- Born: 12 August 1884 Telšiai, Lithuania
- Died: 22 October 1966 (aged 82) London, England
- Occupations: Politician, lawyer
- Spouse: Mabel Stein
- Children: 4

= Michael Noyk =

Michael Noyk (12 August 1884 – 22 October 1966) was a Lithuanian-born Irish republican politician and lawyer.

Born to a Jewish couple in the Lithuanian city of Telšiai, Noyk moved to Dublin with his family when he was one year old. He was educated at Dublin's The High School and then entered its Trinity College as a sizar in Hebrew, before winning a classics scholarship and graduating in 1907. Shortly afterwards, he worked as a solicitor. He befriended Arthur Griffith and, through him, he became highly sympathetic to the cause of Irish republicanism.

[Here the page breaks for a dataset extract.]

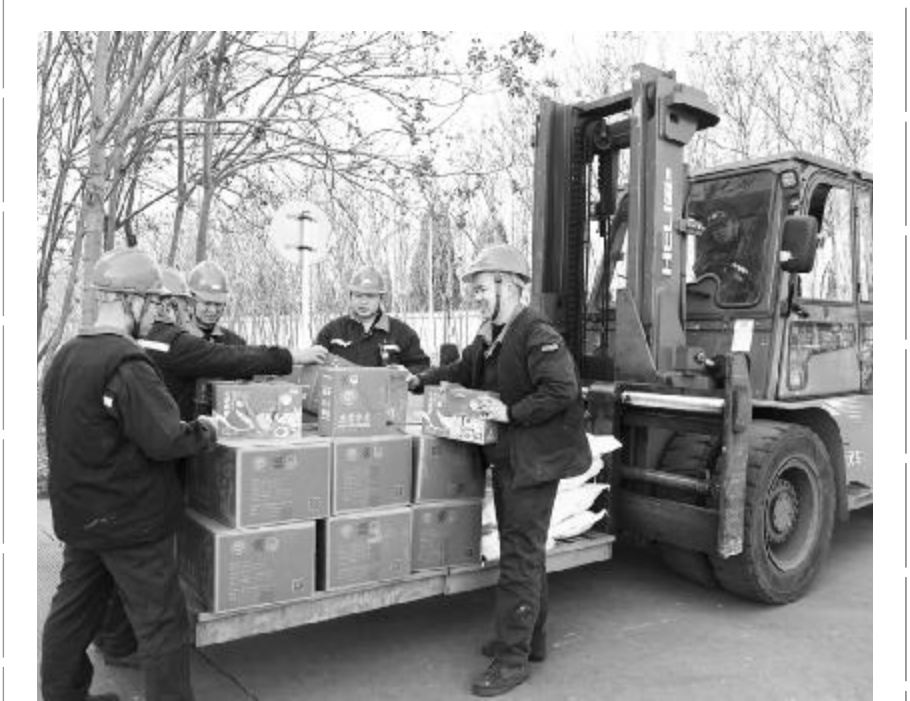
春节将至，淮北矿业集团生产装备分公司精心选购优质的米面油和五谷杂粮大礼包发放到每一名职工手中，把企业的关怀与温暖送到职工心坎上，让职工开心过大年。图为职工开心领取年货“大礼包”。

“谈工作有事例、有数据，讲问题不足不遮不掩、实事求是，这次通过‘阅卷’不仅进行了总结提升，更是为各单位新的一年工作的良好起步开阔思路。希望大家继续书写新一年的奋斗答卷，争取在 2025 年的‘考试’中争得更优异的好成绩！”该矿矿长暴晓庆说道。

He was Griffith's personal solicitor until his death. He joined Sinn Féin shortly after the Easter Rising and was responsible for defending a number of IRA prisoners including Sean MacEoin, Thomas Whelan, Patrick Moran, James Boyce, and Frank Teeling. He was a prominent worker for Éamon de Valera in the 1917 Clare East by-election, and was the election agent for Constance Markievicz and Seán T. O'Kelly in the 1918 general election. During the Irish War of Independence, he was a high-level official and adviser with the Department of Finance which was then headed by Michael Collins. Noyk also participated in Dáil Courts held in Dublin. He was responsible for the procurement of offices at 22 Mary Street in Dublin where the First Dáil's Department of Finance was located during the war.

Noyk married Mabel Stein (died 1956), the sister of artist Stella Steyn. They had four children, and lived for many years on Wellington Road in Dublin. He died in London and was given a full military funeral by the IRA's Dublin Brigade. He was buried in Dolphins Barn Jewish Cemetery.